Do you think GPs really want to ration care?
PB: “They already do! It’s just a question of how. Rationing is used as a pejorative term but it began as a positive concept – a means of fair shares to the maximum number of beneficiaries when resources were scarce. A ration book in the post-war years of austerity was a list of your entitlements, not what you couldn’t have.
“So I would rephrase this question thus: “Do GPs recognise the opportunity cost of what they do, and do they want to take responsibility for it?” For that to happen, they need regular feedback on their activity, their outcomes and their expenditure – all adjusted for the need of the practice population. They also need to know how they compare against the PCT or other norms, or better still, against comparable practices.
“Here again there is a role for ‘programme budgeting’ as a framework – telling coherent stories about, say, the respiratory programme, where a combination of smoking cessation performance, use of diagnostics, pattern of prescribing and admissions to hospital, compared with peers, might point to a better spread of activities and use of resources. Who does it best?
“And that is rationing. No-one else is better placed (certainly not the PCT, hospital or government) to assess need, decide on the appropriate response, commit the resources and assess the quality of the outcome. GPs can and do ration care. Public health can and do help at every point in that process.”
The new system fundamentally accepts that some clinical commissioners will make a healthcare pound go further than others – a “postcode lottery”. How will this affect public health?
PB: “It is not a lottery. In fact, a lottery is about the only thing we haven’t tried yet in healthcare. Lots of schools now do it to select their pupils, so watch this space! In a lottery, the participants have a small and entirely random chance of winning. We are talking here about a systematic and certain chance of getting a ‘yes’ or ‘no’.
“But is variation bad? If there are innovators who are successful in making the pound go further, let them open up a gap - but let them share the learning, so the rest can catch up.

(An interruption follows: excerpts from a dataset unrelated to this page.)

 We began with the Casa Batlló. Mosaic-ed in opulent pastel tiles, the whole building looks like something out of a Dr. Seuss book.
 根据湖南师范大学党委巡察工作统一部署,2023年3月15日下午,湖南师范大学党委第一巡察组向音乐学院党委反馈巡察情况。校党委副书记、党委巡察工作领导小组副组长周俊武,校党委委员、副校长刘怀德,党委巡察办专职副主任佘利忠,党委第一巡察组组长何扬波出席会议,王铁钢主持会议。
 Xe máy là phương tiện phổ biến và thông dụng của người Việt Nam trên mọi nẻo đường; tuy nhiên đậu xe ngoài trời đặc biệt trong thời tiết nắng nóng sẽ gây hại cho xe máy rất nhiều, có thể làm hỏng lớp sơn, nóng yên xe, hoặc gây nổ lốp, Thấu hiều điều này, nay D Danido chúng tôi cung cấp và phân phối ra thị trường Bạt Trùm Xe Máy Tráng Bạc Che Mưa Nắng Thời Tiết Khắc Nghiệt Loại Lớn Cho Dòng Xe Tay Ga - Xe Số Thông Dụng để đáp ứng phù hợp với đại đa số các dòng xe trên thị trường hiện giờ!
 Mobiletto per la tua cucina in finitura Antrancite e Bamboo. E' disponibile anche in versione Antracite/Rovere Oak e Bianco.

“And if there is genuine engagement at local level, and needs or priorities vary between localities, then variation can be justifiable and even be a positive indicator of a locally sensitive, locally responsive system. If there is to be no variation at all, we might as well have central diktat and do away with commissioning altogether.

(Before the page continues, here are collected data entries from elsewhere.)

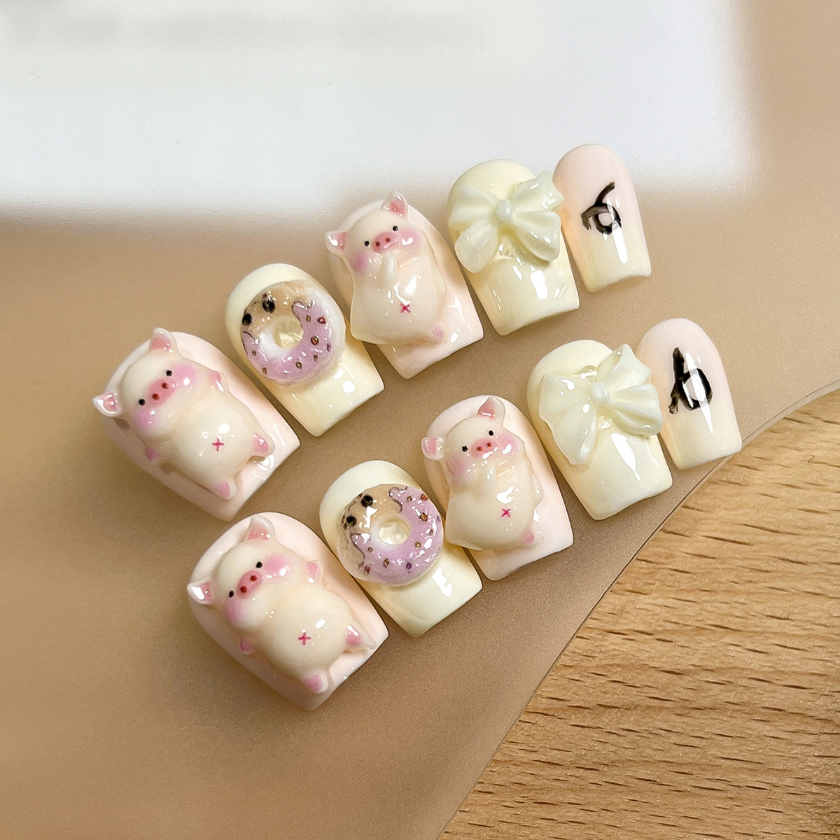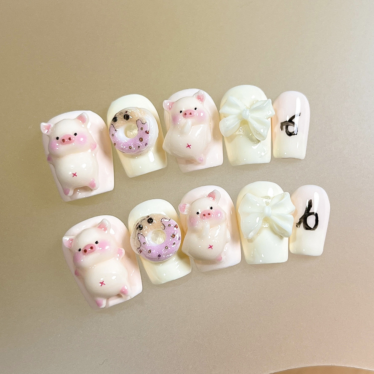Armadura de vestir hecha a mano niña linda cerdito círculo dulce lazo parche de manicura pegatina de uñas postizas hechas a mano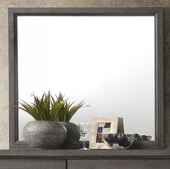 This Akerson Dresser Mirror in Grey is the perfect contemporary addition to any home. Made by Crown Mark using premium hardwood solids and veneers, it has a timeless look and a strong, durable construction that’s easy to clean and maintain. The simple lines and elegant design offer a beautiful and refined statement in any bedroom. Enjoy the Akerson Contemporary Rectangular Dresser Mirror, the perfect piece to bring sophistication to your home décor!
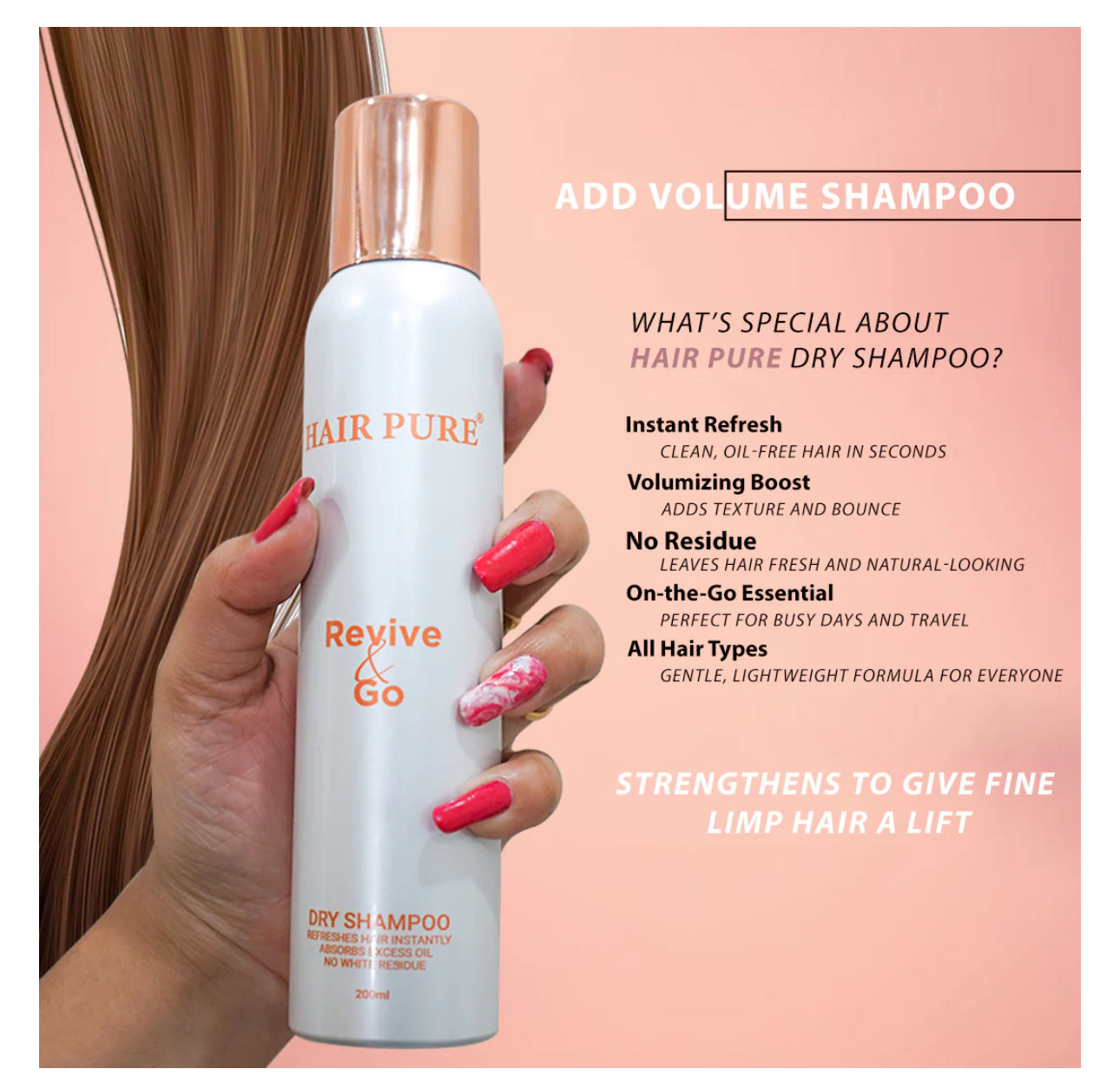 Hair Pure Revive & Go Dry Hair Shampoo is formulated to deliver a volumizing boost to flat, lifeless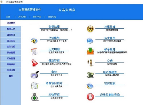 方晶酒店管理系统最新版是一款功能实用的酒店经营管理软件。方晶酒店管理系统最新版包含了收银结账、挂账处理、已结账单、历史账单、历史明细、账单重开、催款管理、交班管理、审核、接待入住、客房预订、房务处理、报表管理等主要功能。方晶酒店管理系统可以随时备份系统中的数据。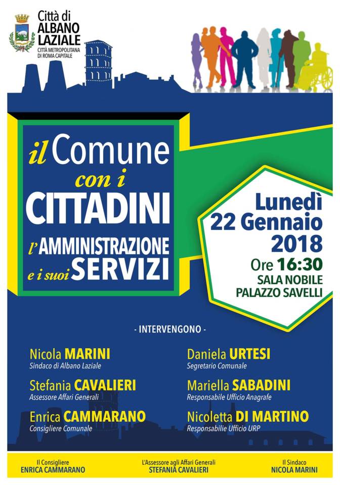 Albano Laziale, lunedì 22 gennaio a Palazzo Savelli dalle ore 16:30 l'incontro pubblico “Il Comune con i cittadini – L’Amministrazione e i suoi servizi”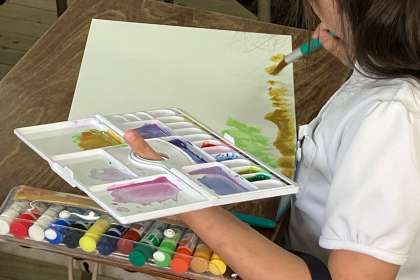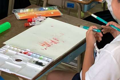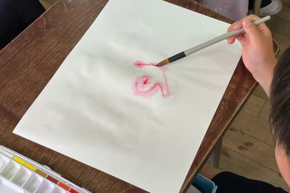絵の具、水、筆でいい感じの形や色を見つける学習をしました。大きいサイズの画用紙で描いた後、もう一枚は小さいサイズの画用紙に、一枚目と違う感じの表現をしました。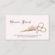 Ett giglistigt affärskort med ett par guld hårskärande saxar mot blekens rosa bakgrund. Anpassa genom att lägga till ditt namn, kontakta informationen på baksidan.

“We will never eliminate inequality. Think about it. We will never have every baby born at the same birth weight, and everybody dying at the same age, and everybody having diabetes or never having diabetes. It is ridiculous. We all have different inherent life trajectories, embedded in our genes.
“The challenge is to allow each individual to realise their best span of quality of life and length of life. It is the avoidable inequalities in health and unjustifiable variations in delivery of care that matter.
“And to conclude on the pound-stretcher point, it is an ethical imperative for clinicians to pursue efficiency, because the price of their inefficiency is paid by the public, and the currency in which the public pay is avoidable distress, disability and dying before their time.”